*** Block opens ***

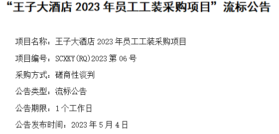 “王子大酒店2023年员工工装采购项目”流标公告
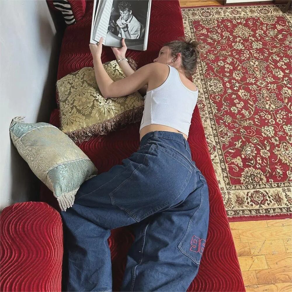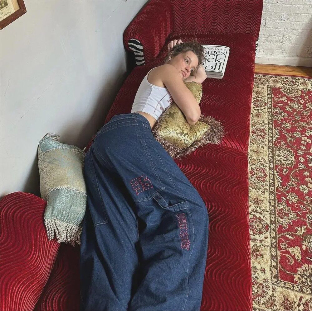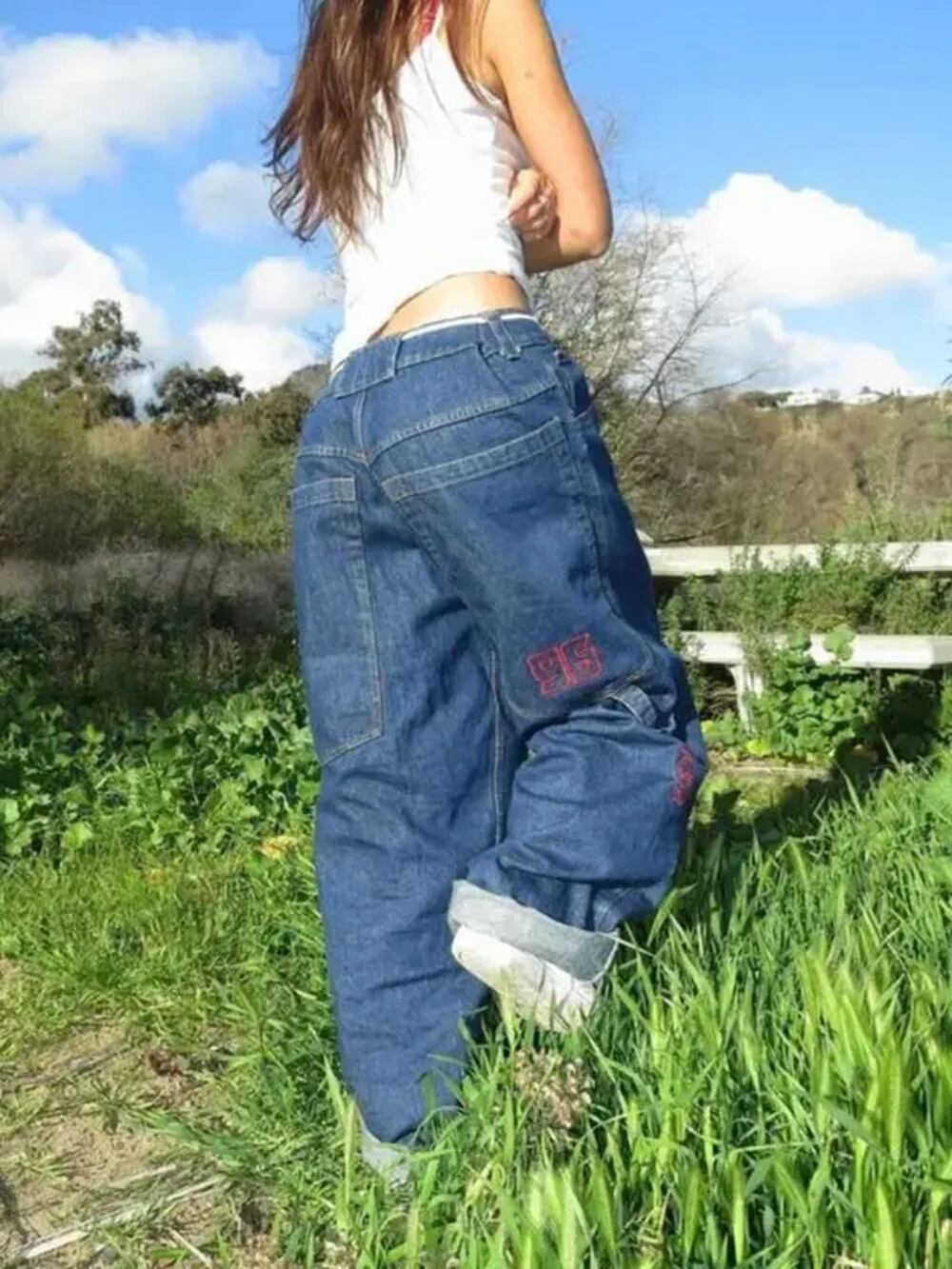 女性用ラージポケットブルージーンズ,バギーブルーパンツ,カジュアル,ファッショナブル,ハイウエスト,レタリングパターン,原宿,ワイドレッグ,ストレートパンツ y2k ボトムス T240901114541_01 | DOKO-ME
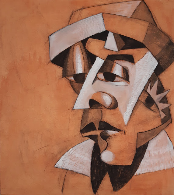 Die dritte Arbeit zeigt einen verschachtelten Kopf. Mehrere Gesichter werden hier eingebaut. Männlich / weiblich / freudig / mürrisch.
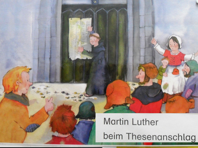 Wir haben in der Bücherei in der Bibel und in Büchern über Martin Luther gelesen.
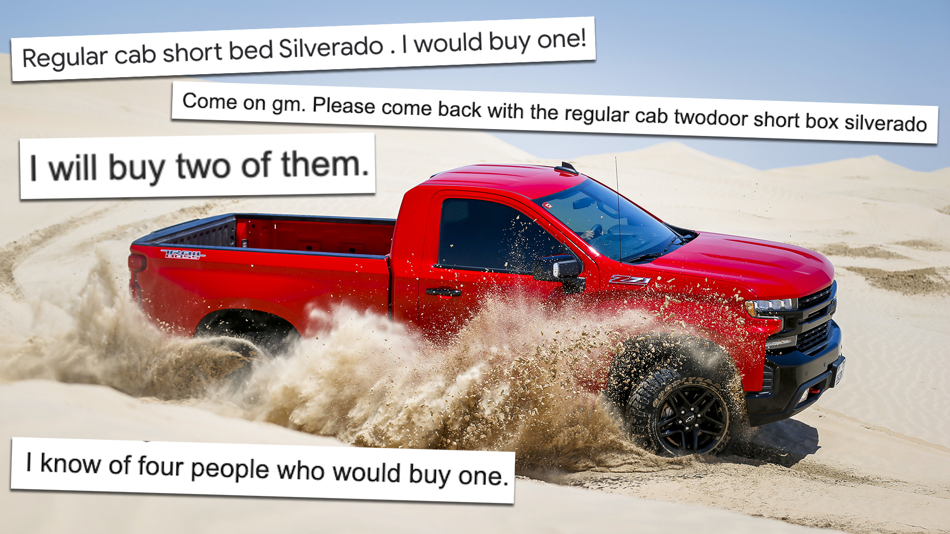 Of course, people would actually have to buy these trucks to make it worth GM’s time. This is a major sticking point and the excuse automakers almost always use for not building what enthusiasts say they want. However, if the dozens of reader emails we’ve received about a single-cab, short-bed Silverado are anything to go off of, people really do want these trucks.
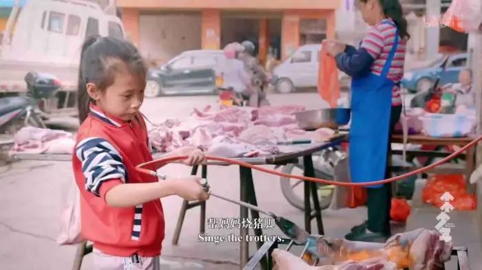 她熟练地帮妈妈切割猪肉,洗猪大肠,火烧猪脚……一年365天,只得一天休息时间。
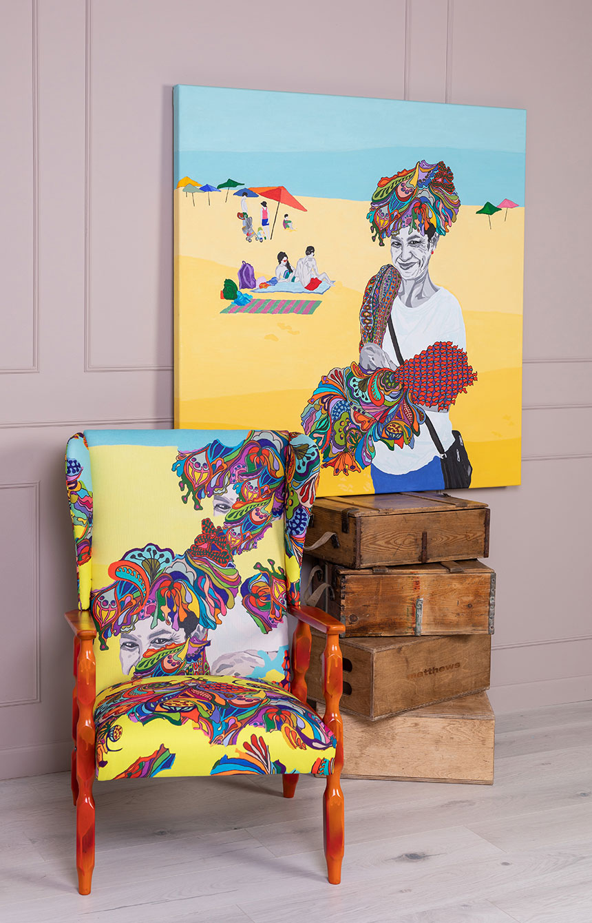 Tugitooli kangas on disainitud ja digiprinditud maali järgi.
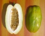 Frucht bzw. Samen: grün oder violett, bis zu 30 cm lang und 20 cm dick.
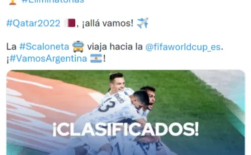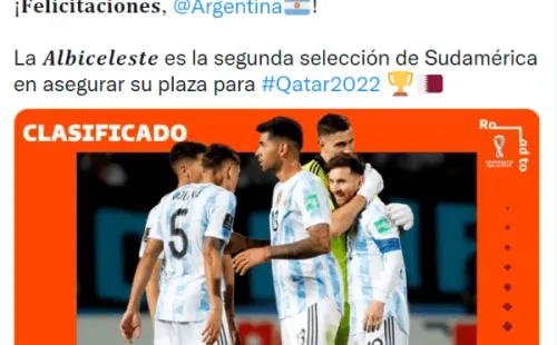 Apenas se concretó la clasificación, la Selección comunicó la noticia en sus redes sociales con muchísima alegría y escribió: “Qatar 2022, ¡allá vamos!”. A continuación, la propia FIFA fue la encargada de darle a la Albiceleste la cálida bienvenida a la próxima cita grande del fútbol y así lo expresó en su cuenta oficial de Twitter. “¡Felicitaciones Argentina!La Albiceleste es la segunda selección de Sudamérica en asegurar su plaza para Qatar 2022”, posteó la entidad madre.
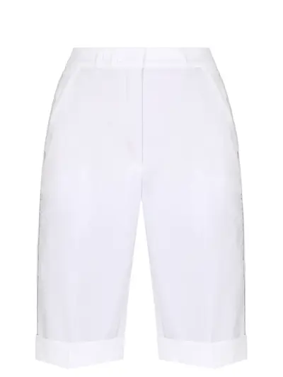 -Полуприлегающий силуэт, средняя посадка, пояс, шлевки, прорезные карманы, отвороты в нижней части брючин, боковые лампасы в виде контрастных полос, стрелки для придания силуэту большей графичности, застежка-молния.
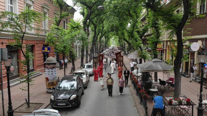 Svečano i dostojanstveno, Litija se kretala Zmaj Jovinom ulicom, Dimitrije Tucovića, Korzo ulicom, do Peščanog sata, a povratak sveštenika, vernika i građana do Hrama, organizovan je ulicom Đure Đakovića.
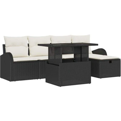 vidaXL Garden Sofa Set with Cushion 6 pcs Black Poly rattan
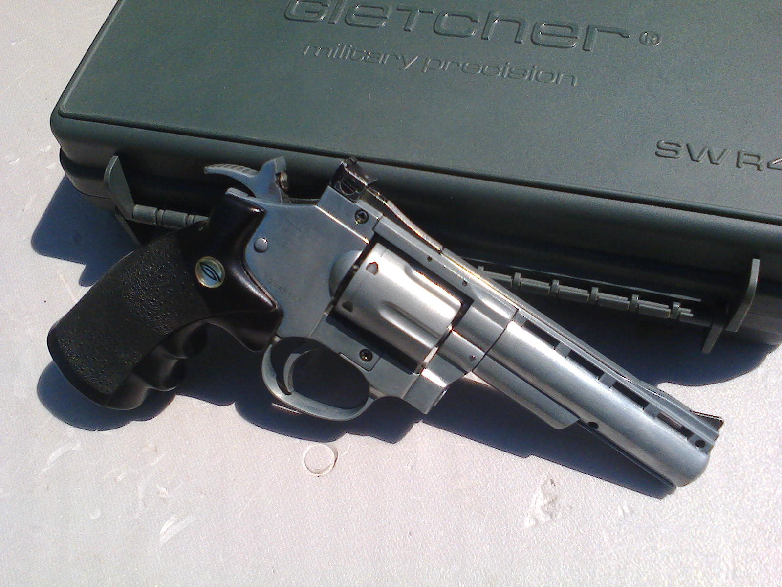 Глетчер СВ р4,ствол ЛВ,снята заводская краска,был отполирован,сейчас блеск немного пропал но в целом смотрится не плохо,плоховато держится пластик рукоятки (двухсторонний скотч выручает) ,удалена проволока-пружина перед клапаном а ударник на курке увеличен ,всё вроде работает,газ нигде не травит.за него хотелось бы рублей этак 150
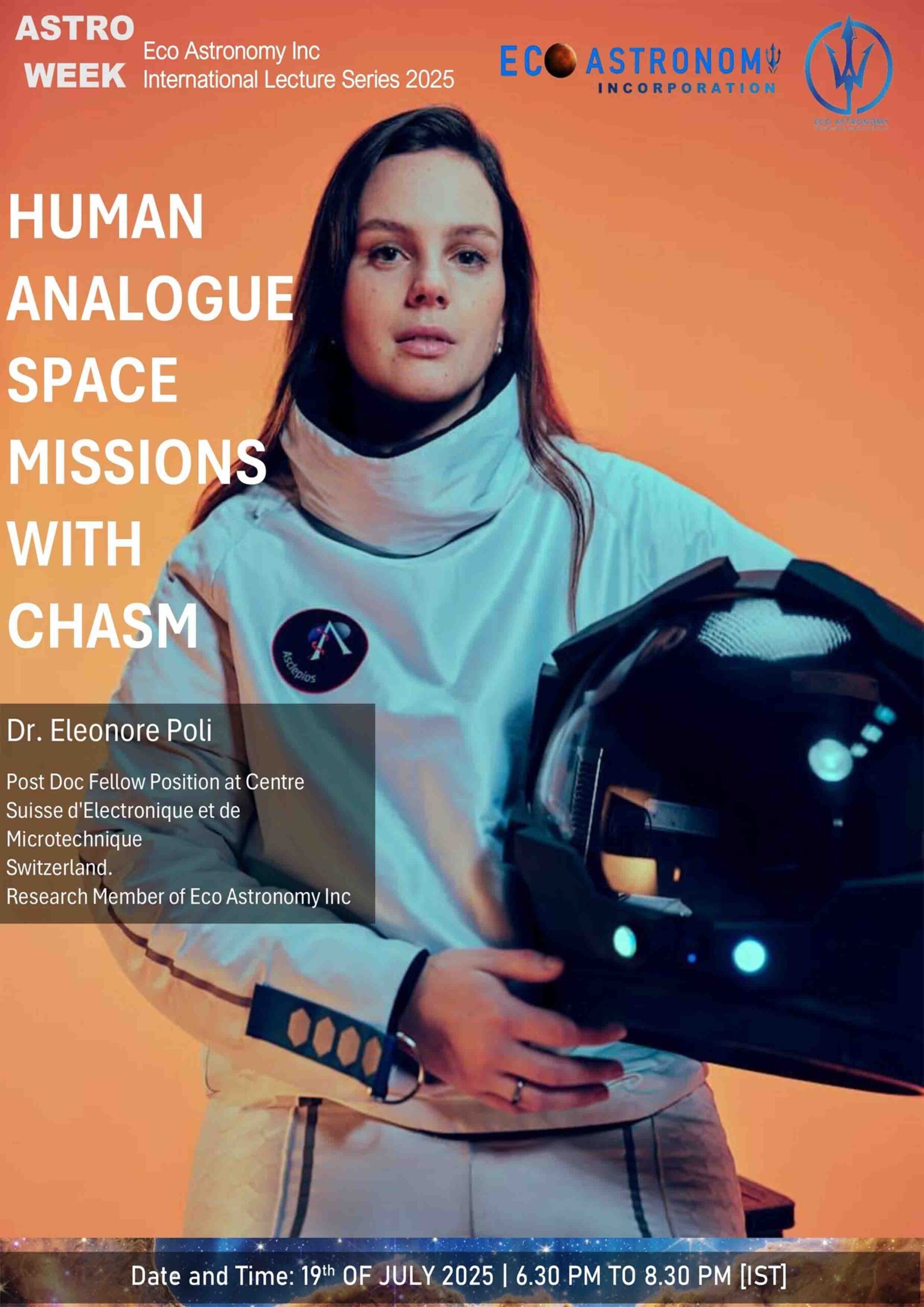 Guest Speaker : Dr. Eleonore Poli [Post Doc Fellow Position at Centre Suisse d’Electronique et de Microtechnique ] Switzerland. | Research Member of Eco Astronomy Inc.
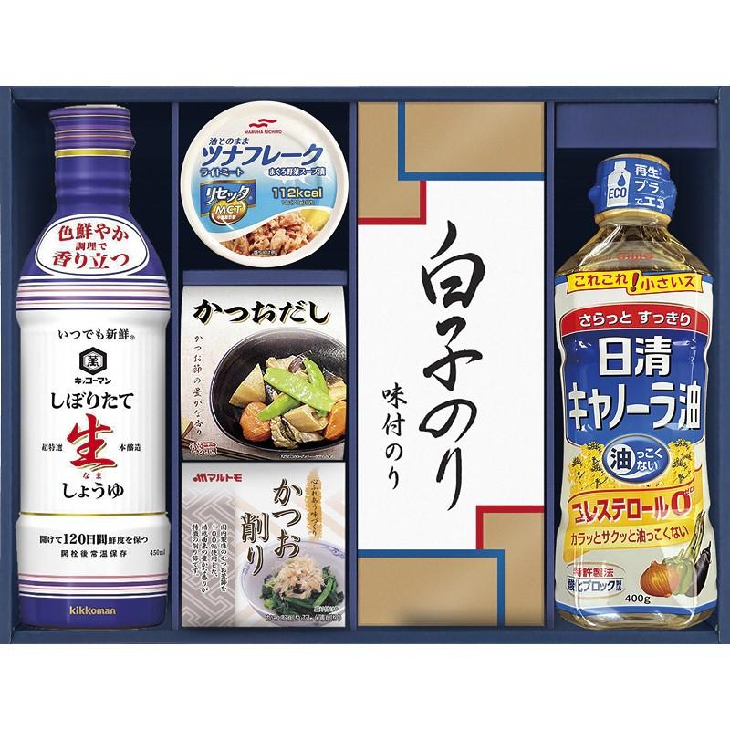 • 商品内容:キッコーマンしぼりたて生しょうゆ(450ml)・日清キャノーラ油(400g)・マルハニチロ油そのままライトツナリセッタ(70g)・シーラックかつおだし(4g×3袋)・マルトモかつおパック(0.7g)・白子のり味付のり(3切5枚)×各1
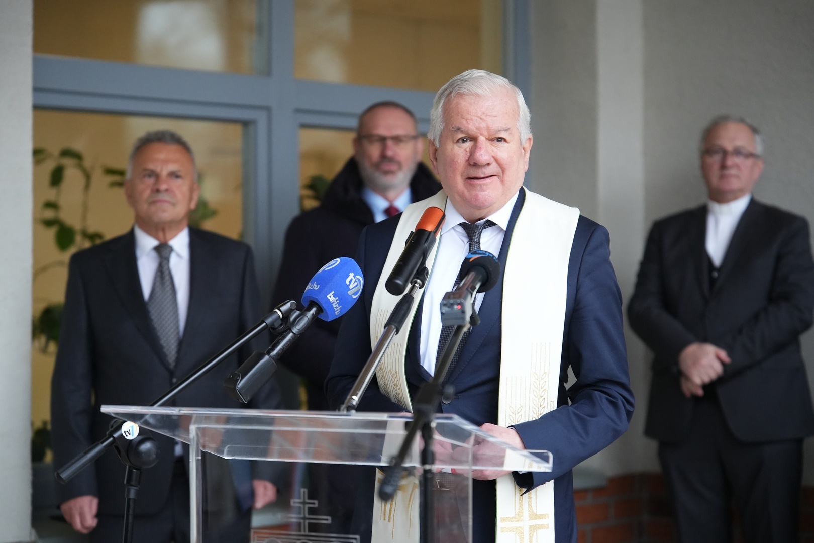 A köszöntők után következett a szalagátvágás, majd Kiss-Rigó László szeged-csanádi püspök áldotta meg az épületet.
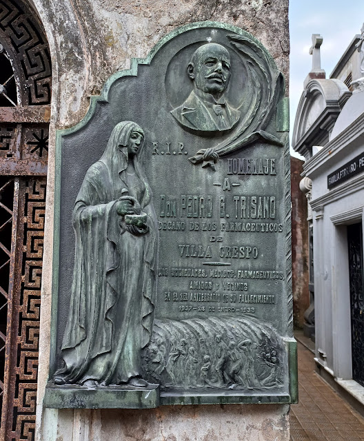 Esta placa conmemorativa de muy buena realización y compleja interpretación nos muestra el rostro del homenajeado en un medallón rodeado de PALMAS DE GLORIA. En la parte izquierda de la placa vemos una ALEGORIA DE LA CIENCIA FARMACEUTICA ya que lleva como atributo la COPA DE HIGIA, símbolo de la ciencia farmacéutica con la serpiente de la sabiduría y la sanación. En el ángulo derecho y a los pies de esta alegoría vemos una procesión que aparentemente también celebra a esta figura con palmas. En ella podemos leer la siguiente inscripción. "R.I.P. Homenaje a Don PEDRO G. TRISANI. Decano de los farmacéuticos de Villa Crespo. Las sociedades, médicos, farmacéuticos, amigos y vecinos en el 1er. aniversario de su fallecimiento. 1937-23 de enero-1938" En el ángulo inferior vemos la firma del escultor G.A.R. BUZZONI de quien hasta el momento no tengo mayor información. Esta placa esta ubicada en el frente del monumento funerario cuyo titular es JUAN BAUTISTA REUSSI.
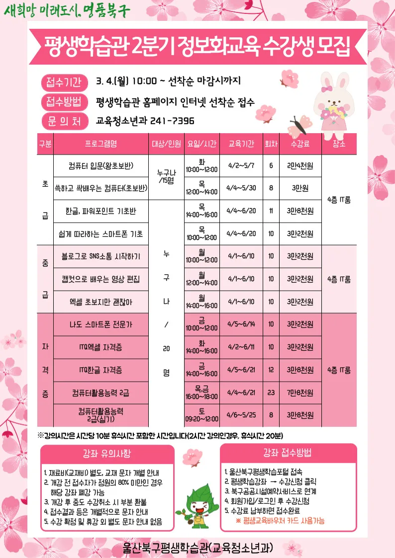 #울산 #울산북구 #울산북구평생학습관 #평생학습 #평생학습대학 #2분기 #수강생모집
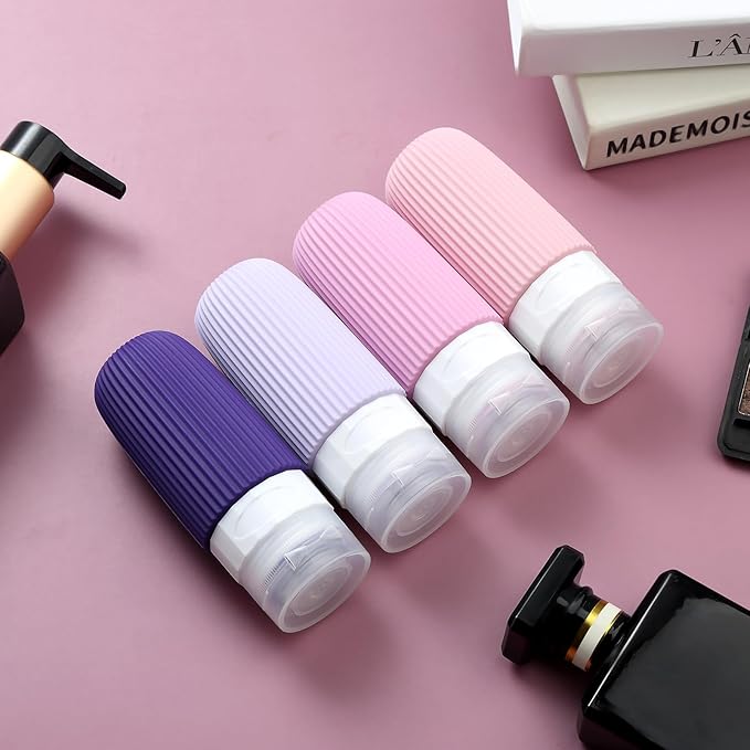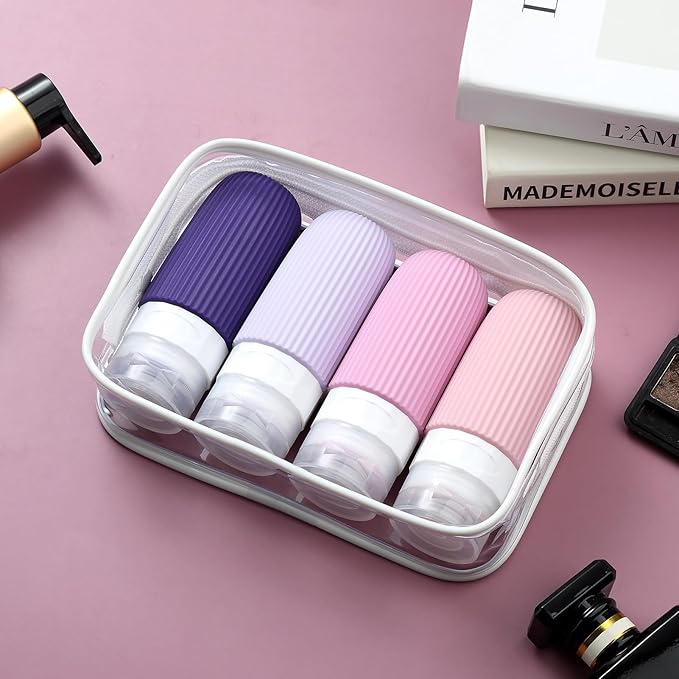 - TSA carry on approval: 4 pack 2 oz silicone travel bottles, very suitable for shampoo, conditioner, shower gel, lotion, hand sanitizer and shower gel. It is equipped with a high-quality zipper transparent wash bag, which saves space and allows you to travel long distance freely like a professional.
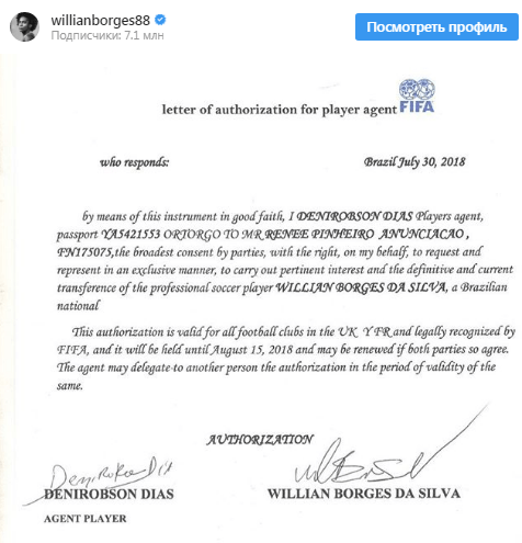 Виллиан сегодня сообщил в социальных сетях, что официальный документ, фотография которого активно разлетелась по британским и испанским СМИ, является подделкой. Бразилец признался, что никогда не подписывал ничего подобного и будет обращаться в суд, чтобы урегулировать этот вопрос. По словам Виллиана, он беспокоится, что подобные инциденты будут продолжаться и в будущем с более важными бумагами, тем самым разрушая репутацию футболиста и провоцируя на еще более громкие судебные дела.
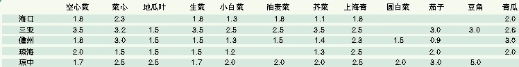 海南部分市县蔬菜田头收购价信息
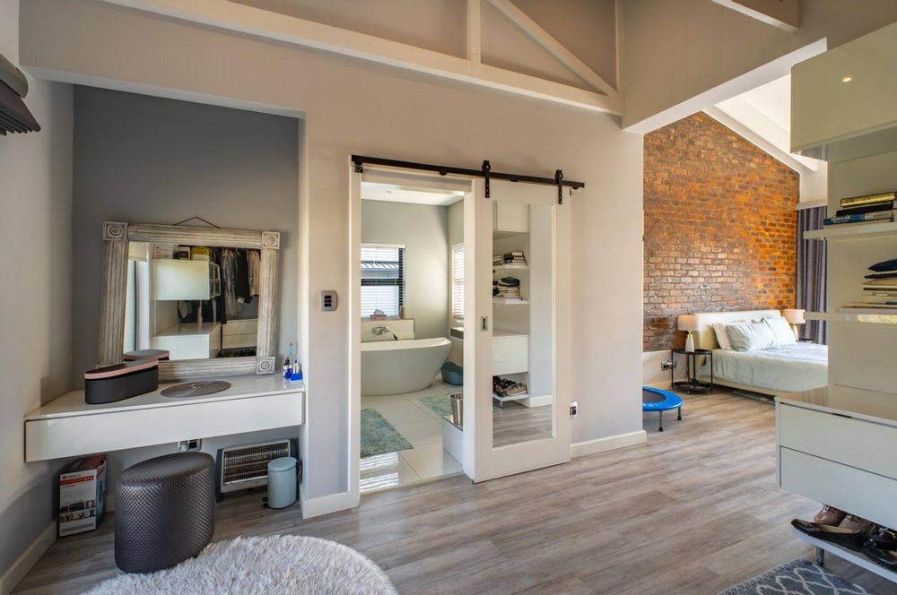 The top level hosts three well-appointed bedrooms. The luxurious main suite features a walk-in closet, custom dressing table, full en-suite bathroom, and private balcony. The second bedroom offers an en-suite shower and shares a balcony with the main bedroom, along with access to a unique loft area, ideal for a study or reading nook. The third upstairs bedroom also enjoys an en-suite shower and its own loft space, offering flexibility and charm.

*** Block closes ***

Within the entries above, the lines from the one containing "Wir haben in" through the one containing "Of course, people" are to be transcribed exactly, ends included, pictures excluded.

 Wir haben in der Bücherei in der Bibel und in Büchern über Martin Luther gelesen.
 Of course, people would actually have to buy these trucks to make it worth GM’s time. This is a major sticking point and the excuse automakers almost always use for not building what enthusiasts say they want. However, if the dozens of reader emails we’ve received about a single-cab, short-bed Silverado are anything to go off of, people really do want these trucks.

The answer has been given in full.